【2233】 放課後の惨劇世に出せない画像貴女だけの特権  (若杉奈留美 2007-04-14 23:29:52)


目の前に広がる雑多なモノたちの砂漠、あるいは海。
自分の部屋でありながら、主がそこに足を踏み入れるのを全力で拒否するかのようなその場所。
それを目にした彼女にできることは、ただ1つ。

「…呼ぶんじゃなかった」

自らの遠縁で幼馴染を部屋に上げたことを、悔やむことだけだった。
そんな彼女の名は、野上純子。


今年の白薔薇のつぼみは、「伝説のパティシエ」と呼ばれたかつての黄薔薇さま以上のお菓子作りの腕前を持っていた。
小学校3年生のとき、初めて作ったオレンジゼリー。
両親が大喜びしてくれたことからお菓子作りに目覚め、今ではプロも顔負けのスイーツを見事に作り上げるまでになっていた。

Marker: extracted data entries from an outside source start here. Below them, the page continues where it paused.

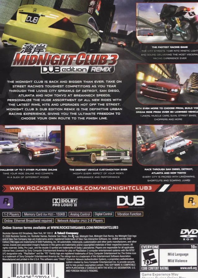 The Midnight Club is back and bigger than ever. Midnight Club 3: DUB Edition Remix features all the cities, cars and music from Midnight Club 3: DUB Edition while adding entirely new content with 24 new vehicles, a new city (Tokyo), new music, new races and battle maps. Personalize the huge assortments of all new additional rides with the latest rims, kits and upgrades hot off the street. Midnight Club 3: DUB Edition Remix is the definitive urban racing experience, giving you the ultimate freedom to choose your own route to the finish line.
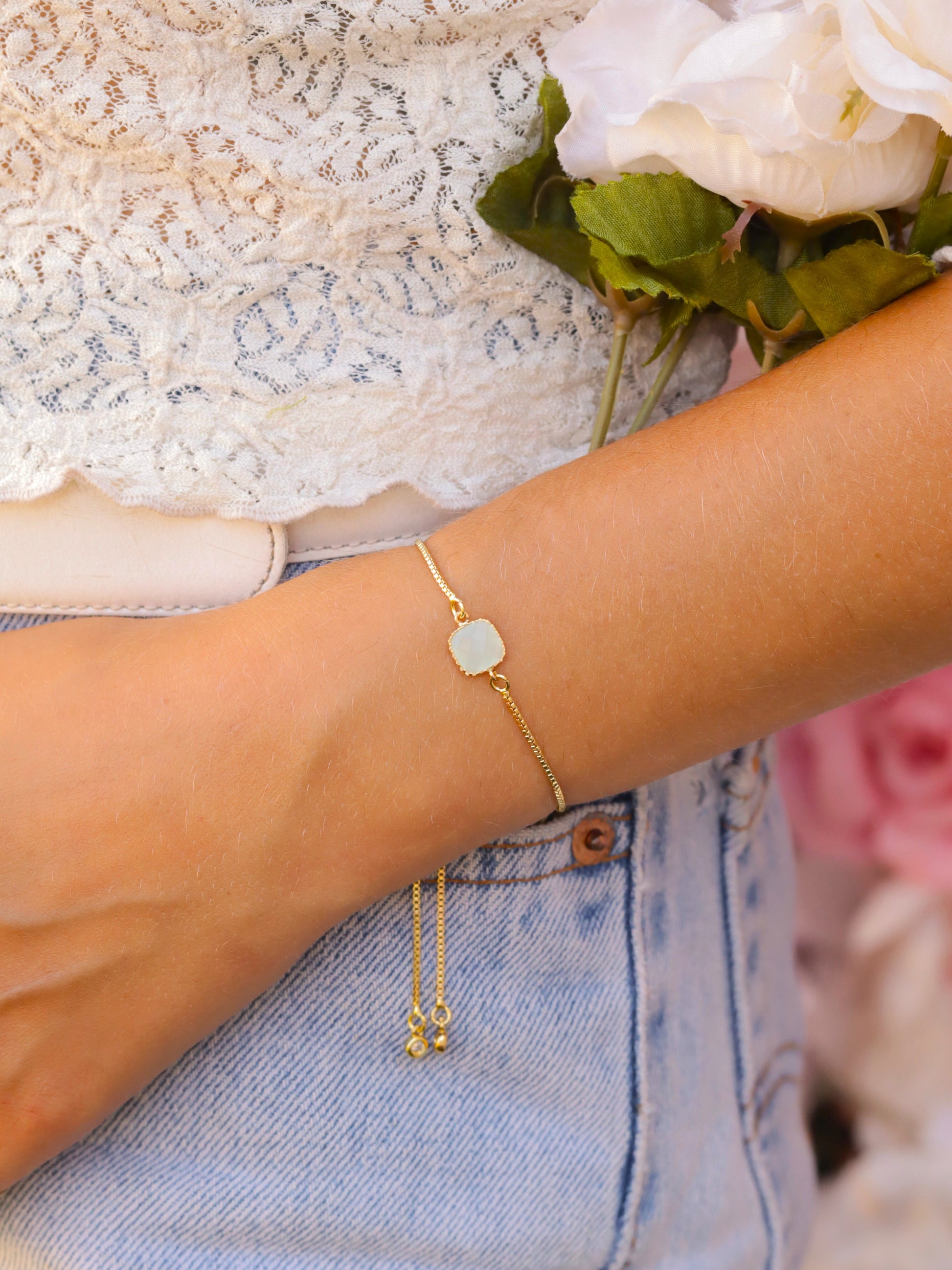 This dainty bracelet features a simple design with a vibrant pop of color. Its understated style is elevated by a bold, colorful accent, adding a fun and eye-catching touch to any outfit.
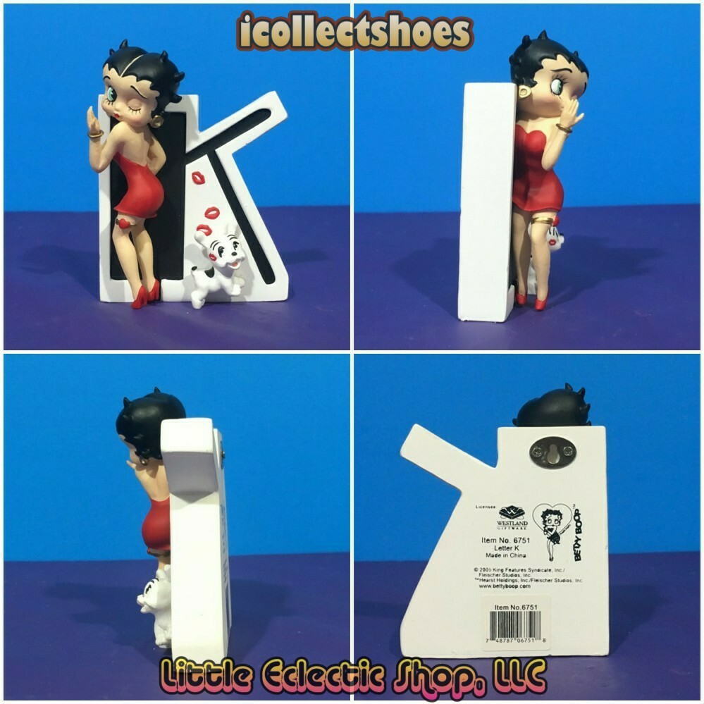 BETTY BOOP® Vintage 2005 Alphabet Collection by Westland Giftware Item# 6751 - Letter K for Kiss Resin Figurine - New in Gift Box All alphabet letters are about 4 inches tall Can hang or stand Retired/Discontinued Product Line ™ & © Fleischer Studios, Inc. All Rights Reserved Worldwide Welcome We are Authorized Dealers of the products we sell on eBay. We purchase our items brand new, direct from the artist or major manufacturers. (If this is a used item it will be listed on eBay as used - thank you) We try to open and inspect the quality of all items before we photograph and list on eBay. Items are stored in our smoke-free warehouse until sold and shipped out. Boxes with dents or scratches are not considered "damaged" and cannot be replaced. We do not offer an overnight shipping option We ship same day or next day We reserve the right to use the most economical shipping method on all items with free shipping. If item does not ship free - don't get stuck with a $100 max reimbursement on a $400 item Please add shipping insurance at time of purchase to cover full value of your item We may add signature confirmation to expensive items to ensure proper delivery eBay International Shipping All items purchased are valued at the price paid and ship as merchandise to an eBay International Shipping hub. eBay International Shipping offers both Duties Delivered Unpaid (DDU) and Duties Delivered Paid (DDP) options to buyers. Currently, the option to be used is predefined for every transaction based on the item price, item weight, and buyer shipping country. Later this year, eBay International Shipping will enable buyers to choose how they prefer to have their shipment cleared through customs ? using DDP or DDU. Returns All International return inquiries need to be directed to eBay's International Shipping department. Domestic returns will vary per item and listing. Returnable If requesting to return undamaged returnable item: 1.) Buyer/Seller responsibility for shipping costs varies depending on the item & reason for return. 2.) If any of the original packaging is missing or unusable please inform us when you contact us. 3.) Needs to arrive back (within 5 days) in it's original entirety before any refund amount will be processed. Non-Returnable We DO NOT accept return requests for no return listings. Most no return listings pictures are of the actual item for sale, not stock photos. If we list an item with defects we try to picture them clearly and will reference if it is defective in our description. If you decide to purchase a non-returnable item *ALL SALES ARE FINAL* , please do not ask to return your purchase. If Damaged International Buyers: When your purchase arrives at eBay's International Shipping Hub our responsibility and control of your purchase ends. There is little we can do except send you the tracking#. Please contact eBay's International Shipping if you have issues with receiving or damage to your purchase, Thank You. This disclaimer is to cover that rare occasion an item arrives broken. Sorry- We do not offer replacements If your item arrives damaged "it is not our doing" and becomes the carrier's financial responsibility to reimburse the package value. Please let us know within 3 days and send photos for the on-line claim. (include photo of outer box with our shipping label/tracking#) Claim options are: 1. Buyer can file the online claim and receive the payment directly (fastest option) 2. We do the claim and credit the initial payment after we receive the reimbursement (this can take 4-6 weeks depending on the carrier) Please retain the entire contents of the package and box until the claim process is completed. After the claim is settled you can do whatever you choose with the item you purchased. 3. Or, a buyer can choose to utilize eBay's Money Back Guarantee. (Or...if claiming an item is not as described) Our process for this is: a) Item will need to be shipped back (All items-No exceptions) b) Buyer is responsible for return postage c) Item must be back to us within 5 business days in it's original entirety before any refund amount is processed. Little Eclectic Shop, LLC We are a small mother-daughter online eBay store specializing in decorative collectibles. If you like our products and service - tell your friends, spread the word - support our small business. ~ Remember ~ Today is the last day of shopping...until tomorrow! Cora and Jacque Thank You For Visiting Our eBay Store Listing

そんな純子が新作お菓子をお披露目しようと思ったのは、ある日の朝のこと。

「あっ、純ちゃん。ごきげんよう」
「ごきげんよう智ちん。ねぇ、今日あいてる?」
「放課後ならいつでもあいてるけど…どうした?」

純子は得意げな表情になった。

「今日さ、新作のお菓子作るから、智ちんに試食してほしいんだ」

とたんに智子の目が輝きだした。

「純ちゃんの新作!?食べる食べる〜」
「じゃあ放課後うちに来てくれる?」
「うん、行く!」

そして放課後。
純子は「体に優しい雑穀と黒砂糖のシフォンケーキ、ヨーグルト添え」の準備をしていた。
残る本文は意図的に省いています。